━━ AVAILABLE RECORDS

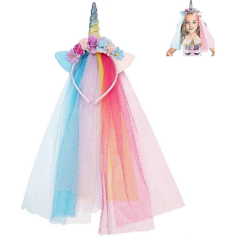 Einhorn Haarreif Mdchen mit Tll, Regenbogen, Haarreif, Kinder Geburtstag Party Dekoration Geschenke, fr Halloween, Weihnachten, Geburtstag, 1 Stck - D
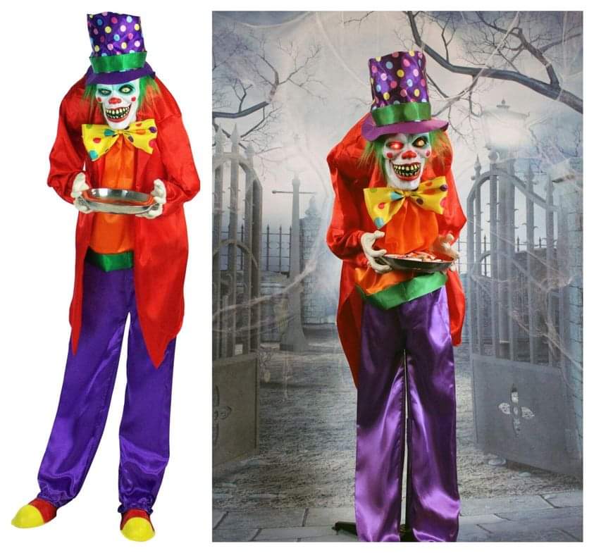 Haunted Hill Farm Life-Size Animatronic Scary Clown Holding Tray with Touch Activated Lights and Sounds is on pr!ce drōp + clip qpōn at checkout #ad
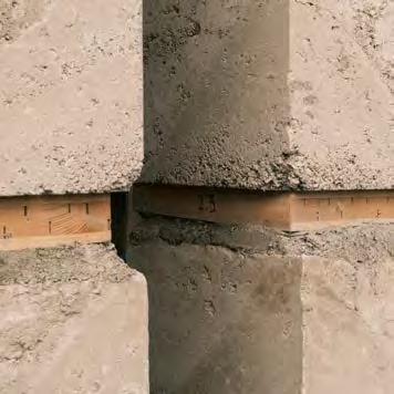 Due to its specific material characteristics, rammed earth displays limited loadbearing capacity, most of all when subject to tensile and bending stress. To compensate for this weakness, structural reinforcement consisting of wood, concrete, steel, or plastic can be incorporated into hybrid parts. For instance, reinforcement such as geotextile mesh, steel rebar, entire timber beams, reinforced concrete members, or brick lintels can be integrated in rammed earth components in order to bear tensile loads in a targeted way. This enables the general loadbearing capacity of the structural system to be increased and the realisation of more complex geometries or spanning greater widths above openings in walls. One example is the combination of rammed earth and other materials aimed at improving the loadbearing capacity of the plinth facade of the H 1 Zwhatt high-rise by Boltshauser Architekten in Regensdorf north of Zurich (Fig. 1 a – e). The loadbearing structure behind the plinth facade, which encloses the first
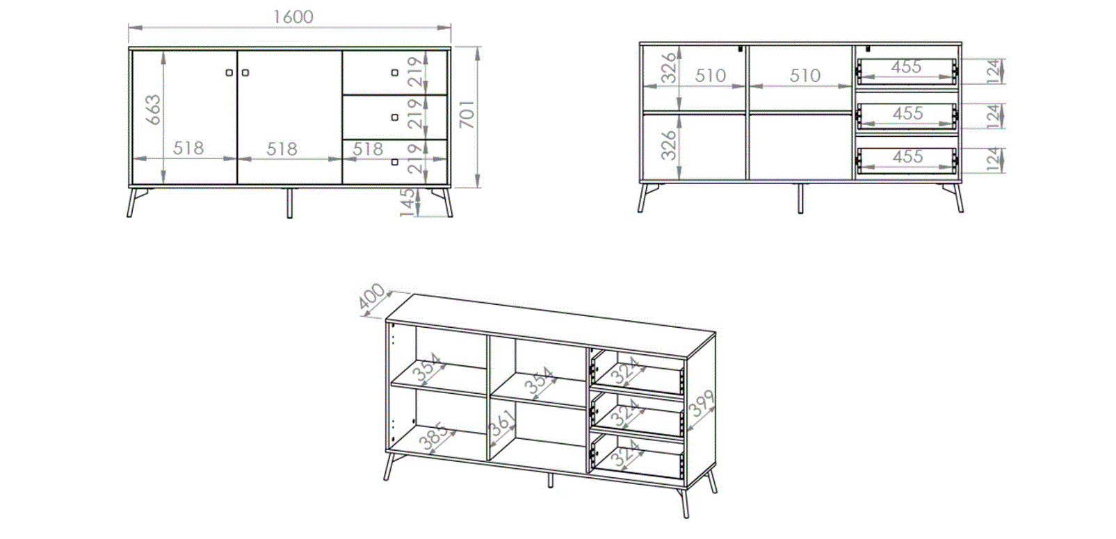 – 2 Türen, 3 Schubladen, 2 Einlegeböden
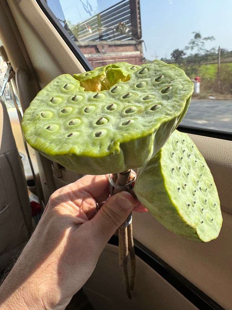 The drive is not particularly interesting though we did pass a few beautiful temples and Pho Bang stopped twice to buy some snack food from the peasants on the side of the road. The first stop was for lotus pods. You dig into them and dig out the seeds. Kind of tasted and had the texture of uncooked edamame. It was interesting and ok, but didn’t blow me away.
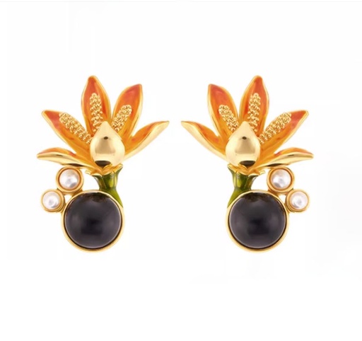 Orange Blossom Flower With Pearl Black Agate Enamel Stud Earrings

━━━━

BRIEF> The response should hold only an exact retyping of the lines from the beginning of the data through the line containing "Haunted Hill Farm", both ends kept, pictures omitted.

SOLUTION BELOW>
 Einhorn Haarreif Mdchen mit Tll, Regenbogen, Haarreif, Kinder Geburtstag Party Dekoration Geschenke, fr Halloween, Weihnachten, Geburtstag, 1 Stck - D
 Haunted Hill Farm Life-Size Animatronic Scary Clown Holding Tray with Touch Activated Lights and Sounds is on pr!ce drōp + clip qpōn at checkout #ad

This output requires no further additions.